(Records from a data collection)
**********

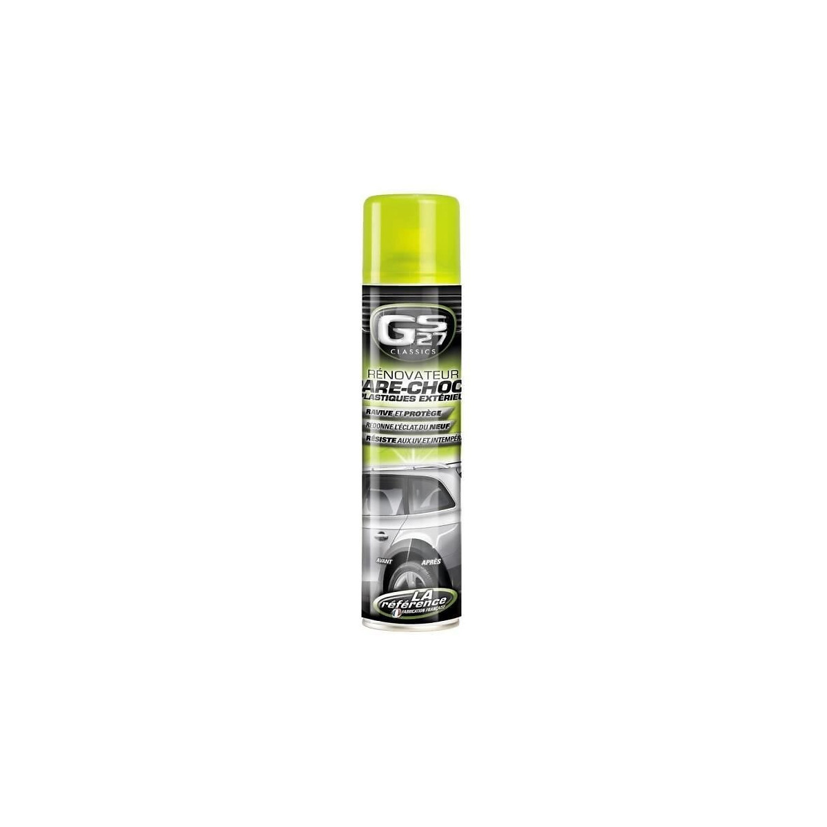 Rénove et ravive les couleurs.&bull Redonne l'aspect du neuf aux pare-chocs ternis.&bull Dépose une fine pellicule brillante et protectrice.&bull S'applique sur les pare-chocs, les bandes de protection latérales et toute finition plastique extérieure non peinte.&bull S'adapte a toutes les teintes de pare-chocs et de plastiques.Contenance: 400mlDimensions (mm) : 250 x 57 (H x l)
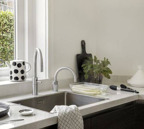 De Nordic Round Twintaps is een set kranen bestaande uit een kokend water kraan en een mengkraan in hetzelfde design met een ronde uitloop. De kokend water kraan is in hoogte verstelbaar en is 360 graden draaibaar.
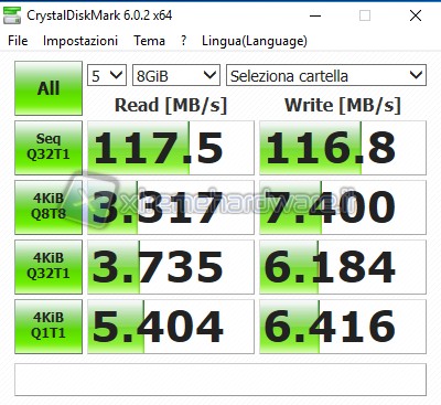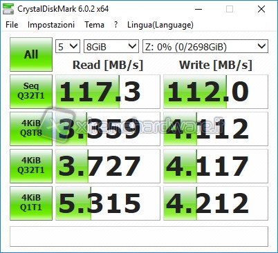 Di seguito duqnmue riportiamo i grafici inerenti alle velocità di trasferimento ed ai test sintetici effettuati
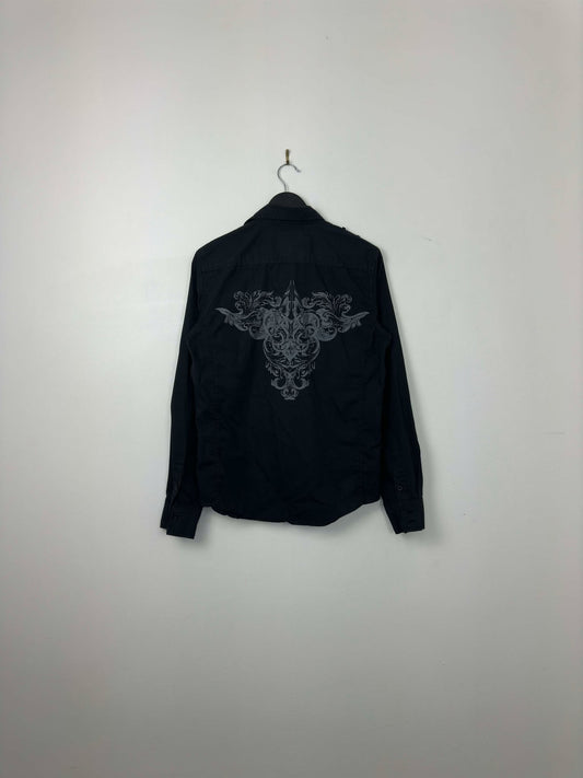 Y2K x Urban Heritage x White Graphic Black Long Sleeve Button Up - M
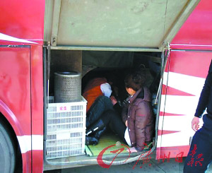 1月13日上午11時,東莞麻涌春運執(zhí)勤點執(zhí)勤民警對一輛號牌為湘F06266的客車進(jìn)行例行檢查發(fā)現(xiàn),該車的行李廂有異樣,打開一看行李廂中竟藏了一個大活人。客車司機(jī)卻表示不知道這個人何時上車。經(jīng)過對司機(jī)和藏匿乘客的訊問,司機(jī)王某某終于承認(rèn)自己為賺取路費甘愿冒險。
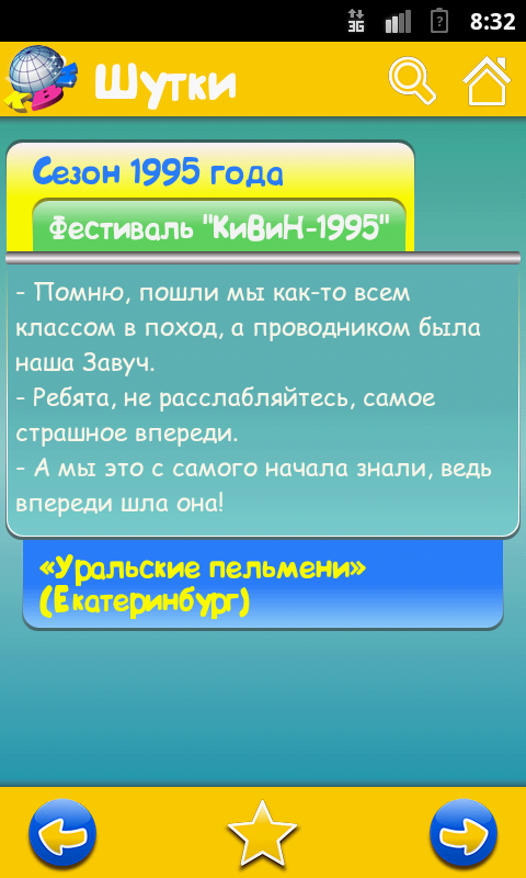 - реализован механизм закладок (автоматически сохраняются данные о просматриваемой шутке и выбранной команде; закладка доступна на главном экране приложения);

**********

- WHAT YOU HAVE TO DO: Where the line with "De Nordic Round" appears, begin there and transcribe exactly through the last line of the data, leaving all pictures aside.

- ANSWER:
 De Nordic Round Twintaps is een set kranen bestaande uit een kokend water kraan en een mengkraan in hetzelfde design met een ronde uitloop. De kokend water kraan is in hoogte verstelbaar en is 360 graden draaibaar.
 Di seguito duqnmue riportiamo i grafici inerenti alle velocità di trasferimento ed ai test sintetici effettuati
 Y2K x Urban Heritage x White Graphic Black Long Sleeve Button Up - M
 1月13日上午11時,東莞麻涌春運執(zhí)勤點執(zhí)勤民警對一輛號牌為湘F06266的客車進(jìn)行例行檢查發(fā)現(xiàn),該車的行李廂有異樣,打開一看行李廂中竟藏了一個大活人。客車司機(jī)卻表示不知道這個人何時上車。經(jīng)過對司機(jī)和藏匿乘客的訊問,司機(jī)王某某終于承認(rèn)自己為賺取路費甘愿冒險。
 - реализован механизм закладок (автоматически сохраняются данные о просматриваемой шутке и выбранной команде; закладка доступна на главном экране приложения);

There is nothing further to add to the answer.